1) They might have sold the same number of rings but with smaller diamonds.
2) They might have sold the same rings as the year before but had to discount them.
Without "matching" rings any inflation and "real" price claims are dubious.
sales = number of transactions * price per transaction
The price per transaction is manipulated by the inflation rate so we hold it constant. The best way to illustrate this example is a company that only sells one product. Let's say they sell dresses of the same type. If we don't hold the price of the product constant due to changes in the product mix then this argument wouldn't apply.
Ex: $100 dress increases by 20% due to inflation so it now sells for $120. The company sold 1000 dresses in year 1 and achieved sales of $100k.

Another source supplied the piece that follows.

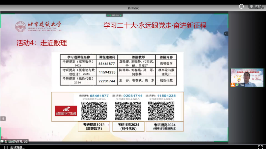 接下来,代云介绍了第八届数理文化节的4项主题活动。红色数理——通过线上征文/宣讲/故事分享等形式,开展对华罗庚、陈景润等为国家作出重要贡献的数学家们学习。趣味数理——通过数独和魔方这两个经典的数学思维游戏比拼的方式,在趣味活动中感受数理魅力。魅力数理——通过线上笔记/视频/文字等自己喜欢的方式展现自己的解题思路与思考方式。走近数理——发布了2024年考研数学课程《高等数学》、《概率论与数理统计》和《线性代数》在学习通平台的辅导答疑邀请码。

In year 2, inflation increased the price tag per item so the company reported sales of $108k.
Revenue (year1) = 1000* $100 = $100k
Revenue (year2) = 900* $120 = $110
In this example, sales increased but it was due to
inflation with the price of dresses rising from $100 to $120. Notice that the volume of transactions decreased from 1000 to 900. This could simply mean that consumers are cutting back on discretionary spending.
Changes in product mix from year to year would obviously change the outcome.
Anyway, the point is that "real" sales is a much better indicator for the strength of the underlying business. High inflation rates from year to year can make it appear the company is doing well when in fact it's mostly just inflation.